Whether your dog expels nervous energy through barking, destruction, or trembling, anxiety is no fun for anyone involved. Many dogs get nervous and scared, especially around loud, sudden noises (like explosive fireworks, party horns, and clanging pots and pans).
Sometimes, the “acoustic violence” these noises produce can cause long-term trauma for pups. Remember, dogs hear sound on a range of frequencies much larger than what humans detect, and their sensitive hearing picks up sound from far away. That means those pinprick popping fireworks are actually booming, and the talk and laughter of your party guests is really quite stressful.
There are many products out there that can help your pup feel more relaxed (like a ThunderShirt—the snug fit has a calming effect similar to swaddling a baby), but you might already have a way to create an anxiety wrap in your home right this second: a scarf.
How Does It Work?
Ideally, you want to use this anxiety wrap on your dog before you expect them to experience anxiety (like during a thunderstorm or car ride) to allow the calming effects to “kick in” a little bit in advance.
Find a scarf (or similar stretchy length of fabric) long or short enough to suit your dog’s size. A little trial and error may be in order.
Place the center of the scarf across the front of your dog’s chest, and bring the ends up over their shoulders.
Cross those ends over their back, bring below the chest, and cross again before bringing back up near the hips, tying in a secure knot away from the spine. Congrats, you made an anxiety wrap!
The scarf should be snug, but not constricting. The slight pressure around the body (like a constant hug!) is meant to deliver a calming effect, or at least take the nervous edge off in high-stress situations.
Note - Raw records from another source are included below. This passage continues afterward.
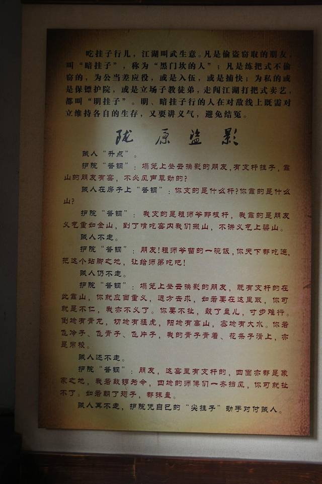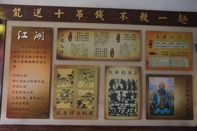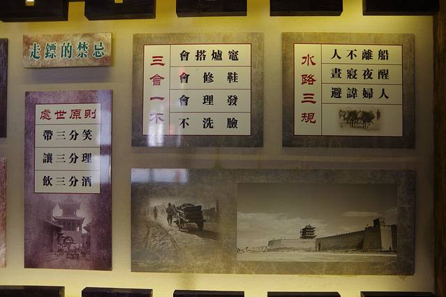 从县衙出来,向东,然后向北就到了南大街,这里有中国镖局、同兴公镖局我选择了去中国镖局。要说这次来平遥,最不虚此行的地方可能就是这里了,彻底打翻了我对保镖一行的认知,将十几年以来武侠小说树立的印像击的粉粉碎,原来镖局是票号应运而生的产物,而武林也多是通过武馆和镖局来流传的,在这里见到了很多历史上熟悉的人物,大刀王五、达摩祖师、霍元甲等等,都跟镖局有千丝万缕的联系。这里还可以看到好多以前江湖的规矩和切口儿,大脑亟需扩容。
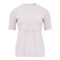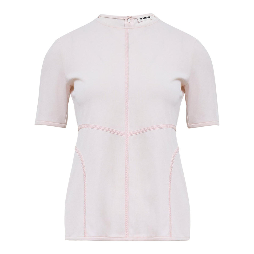 600073156PNK034 / PF25-J01NF0004/J65016/688-CRU - Fluid viscose crepe construction - Short sleeves with clean finish - Classic crewneck silhouette - Back zip closure - Fitted bodice with structured seaming - Minimalist design aesthetic Jil Sander Crepe Fluid Viscose Short Sleeve Crewneck Top delivers minimalist sophistication with refined draping and clean architectural lines. Crafted from premium fluid viscose crepe in soft lavender, featuring the brand's signature precise tailoring and seamless construction details. The structured yet fluid silhouette embodies Jil Sander's mastery of understated luxury and contemporary femininity.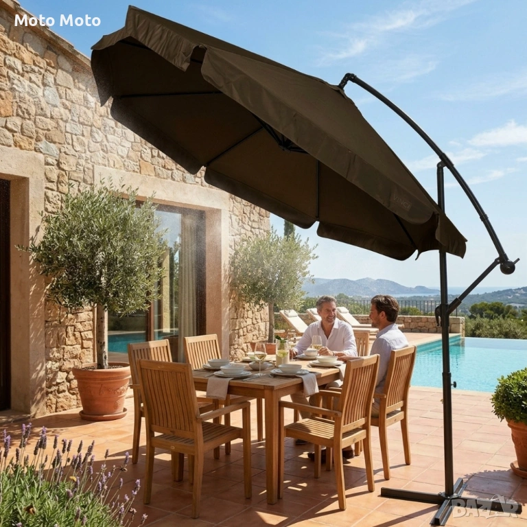 Голям градински чадър със странична стойка, Ø 350 см, UV защита, Водоустойчив + Покривало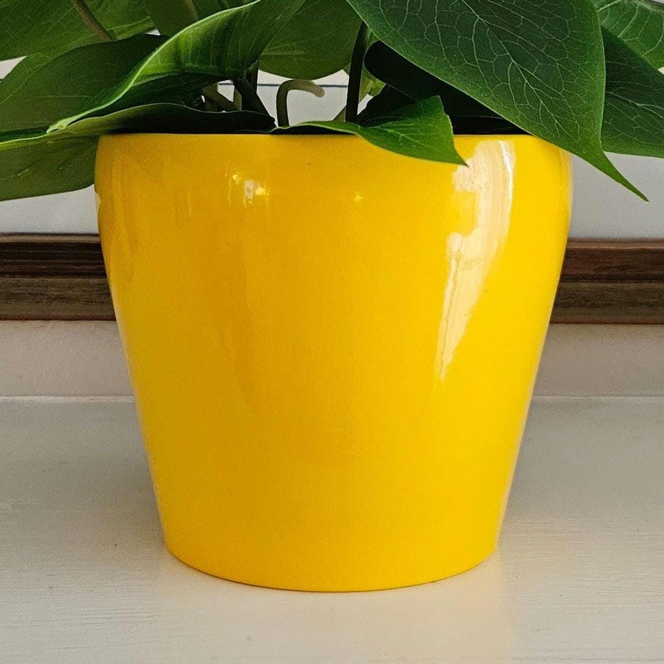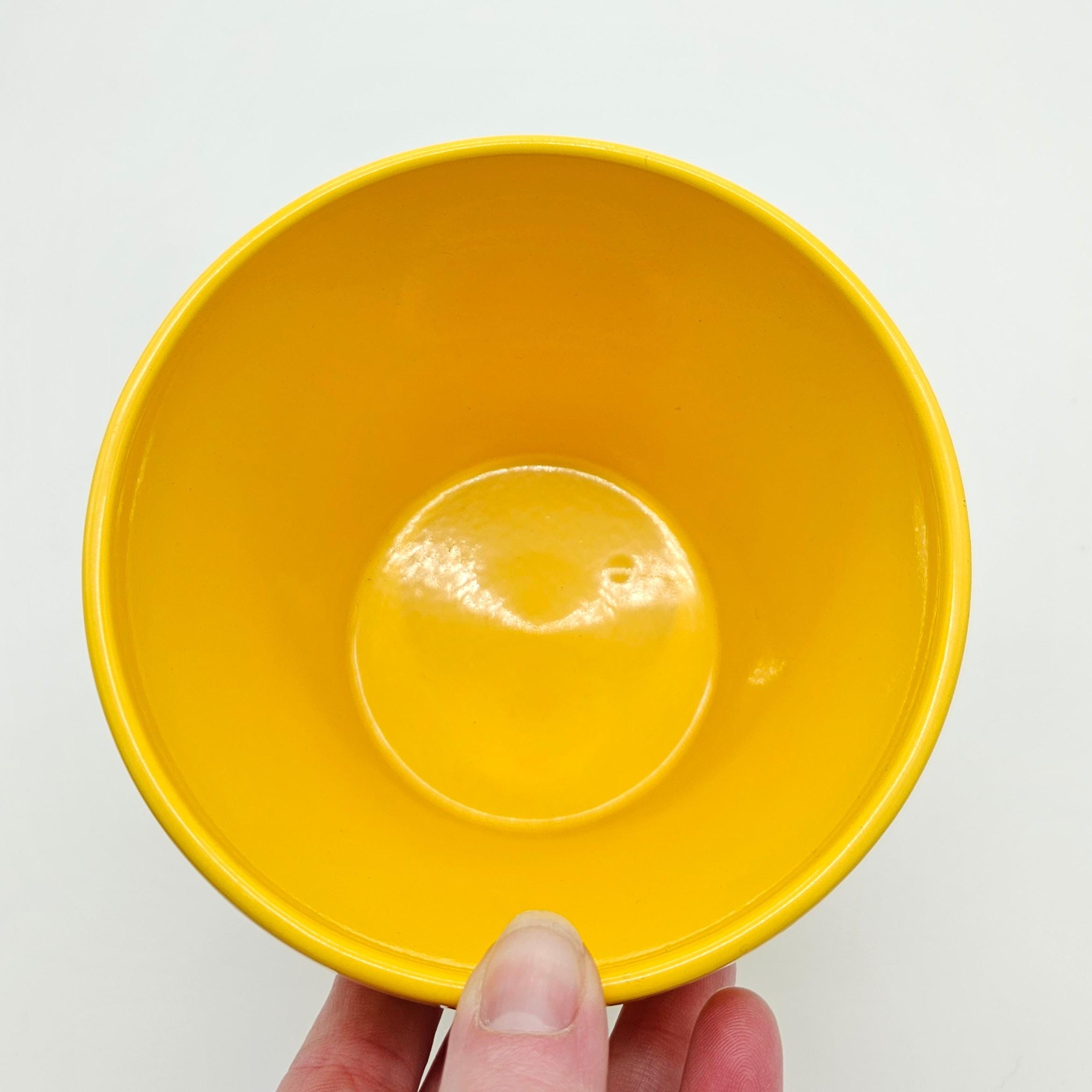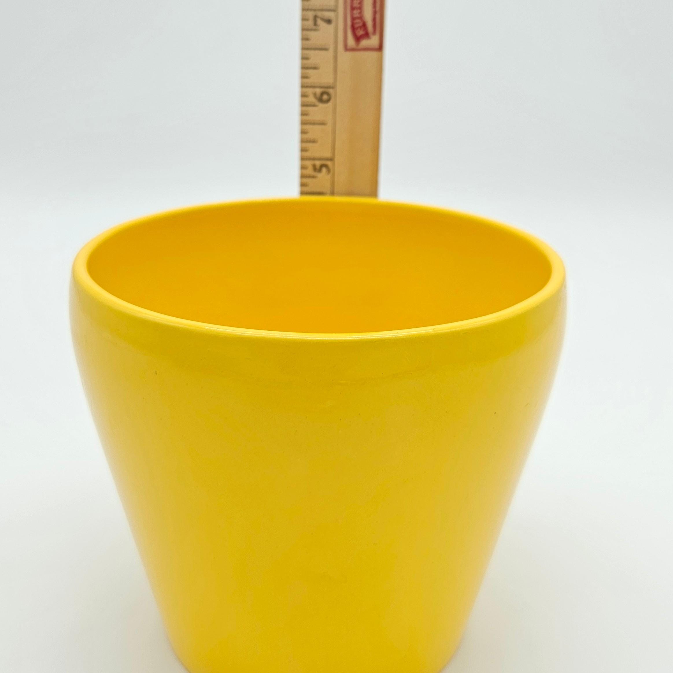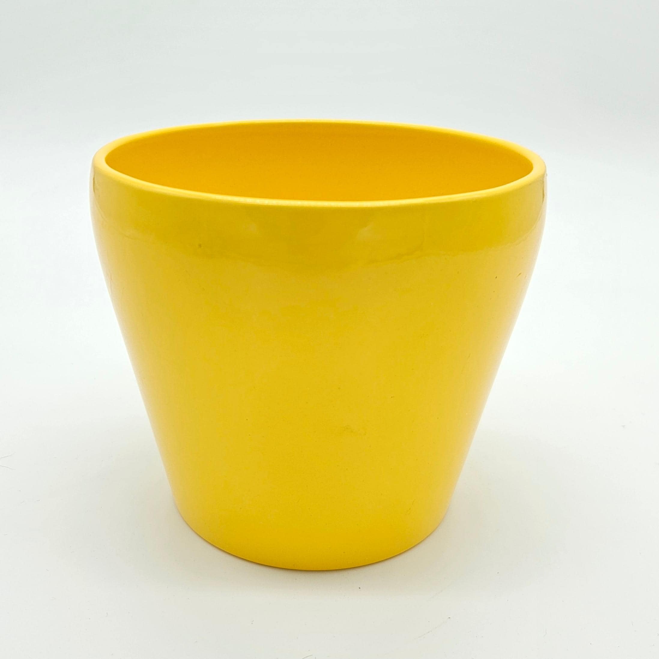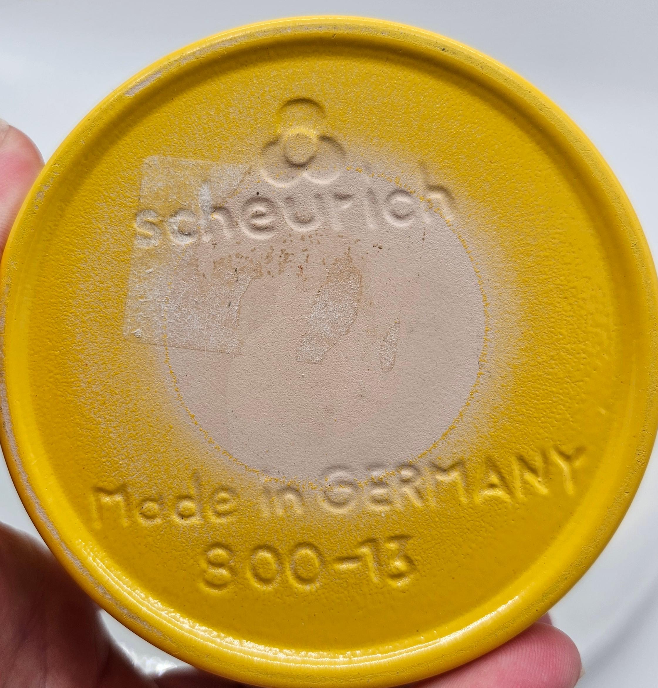 Bright vintage Scheurich Keramik ceramic cachepot / planter in a glossy sunshine yellow glaze. Classic West German modern shape that looks amazing styled with a small houseplant, herbs, or as a cheerful pop of color on a shelf. Perfect for mid-century modern, retro, or eclectic home decor.

This anxiety wrap option is on hand in a pinch, and could save your pup from unnecessary discomfort.
More Ways To Help Relieve Anxiety In Dogs
1. Take your dog on a good, long walk to shed some anxious energy.
2. Consider asking your neighbors to skip the firecrackers (or at least do it away from your house).
3. Before an stress-inducing event, make sure your dog has eaten and always has access to plenty of water.
4. Set up a “safe spot” a quiet room. Place your dog’s bed inside, or a blanket and a few toys. Don’t be concerned if your pup needs to escape the ruckus—that safe spot is the best place for them.
5. In the safe room especially, but preferably all over the house, shut the curtains and try playing some calming music to produce the most relaxed environment possible. If you have a fan available, turn it on low to mask any loud noises.
Every dog is different, but remember: a confident, calm human combined with positive reinforcement methods goes a long way. Your dog looks to you when they’re unsure, so conveying reassurance is the first step to helping them overcome their fears.